--- RECORDED DATA ---

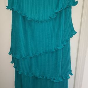 Must have fun and flirty pleated chiffon ruffle dress. A little more green than pictures depict. Dress is lined. Never worn.
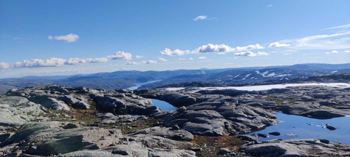 20. Generellt må jeg si at den siste tidens værtype har gjort meg litt betenkt. Sitter nå ved Stora Blåsjø og det var meldt sol i dag men i stedet styrtregner det nå. Varslene stemmer ikke og været er villere og våtere enn det var før. Syns det er kommet en ny dimensjon i ferdsel som kanskje ikke har vært så fremtredende som før. Om det blir veldig til vær/regn er det jo mulig å gå Thomasvatn, sløkskardet, ø.rørskardvatn, biseggvatnet på nordsiden og videre. Aller beste alternativ er kanskje å se om det er mulig å krysse kjukkelelva med båt (skyss) ved elveoset. Sjekk om hyttene er utleid - om de er utleid er båtene ofte i bruk. Grane j@f og Vefsn j@f. Har ikke opplevd området ved jengelen som myrete. Mer fjellterreng med mye blåbærlyng - frodig.
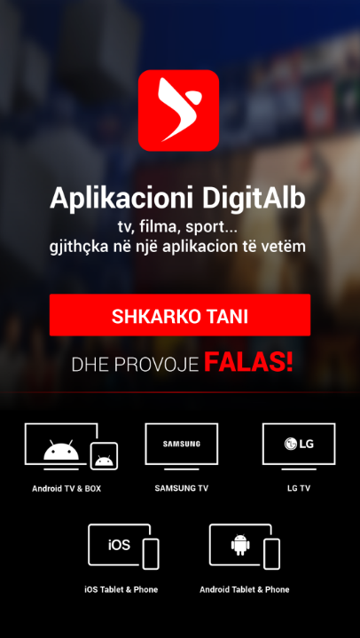 Shkarkoni tani aplikacionin në çdo pajisje smart. Hyni në faqen zyrtare DigitAlb.al për tu regjistruar e për ta provuarkëtë eksperiencë FALAS. Klikokëtu: https://www.digitalb.al/ott/

---

▸ AIM OF THE TASK
Leave out the pictures and give the rest of the material again, unaltered.

▸ SOLUTION FOR THIS PROBLEM
 Must have fun and flirty pleated chiffon ruffle dress. A little more green than pictures depict. Dress is lined. Never worn.
 20. Generellt må jeg si at den siste tidens værtype har gjort meg litt betenkt. Sitter nå ved Stora Blåsjø og det var meldt sol i dag men i stedet styrtregner det nå. Varslene stemmer ikke og været er villere og våtere enn det var før. Syns det er kommet en ny dimensjon i ferdsel som kanskje ikke har vært så fremtredende som før. Om det blir veldig til vær/regn er det jo mulig å gå Thomasvatn, sløkskardet, ø.rørskardvatn, biseggvatnet på nordsiden og videre. Aller beste alternativ er kanskje å se om det er mulig å krysse kjukkelelva med båt (skyss) ved elveoset. Sjekk om hyttene er utleid - om de er utleid er båtene ofte i bruk. Grane j@f og Vefsn j@f. Har ikke opplevd området ved jengelen som myrete. Mer fjellterreng med mye blåbærlyng - frodig.
 Shkarkoni tani aplikacionin në çdo pajisje smart. Hyni në faqen zyrtare DigitAlb.al për tu regjistruar e për ta provuarkëtë eksperiencë FALAS. Klikokëtu: https://www.digitalb.al/ott/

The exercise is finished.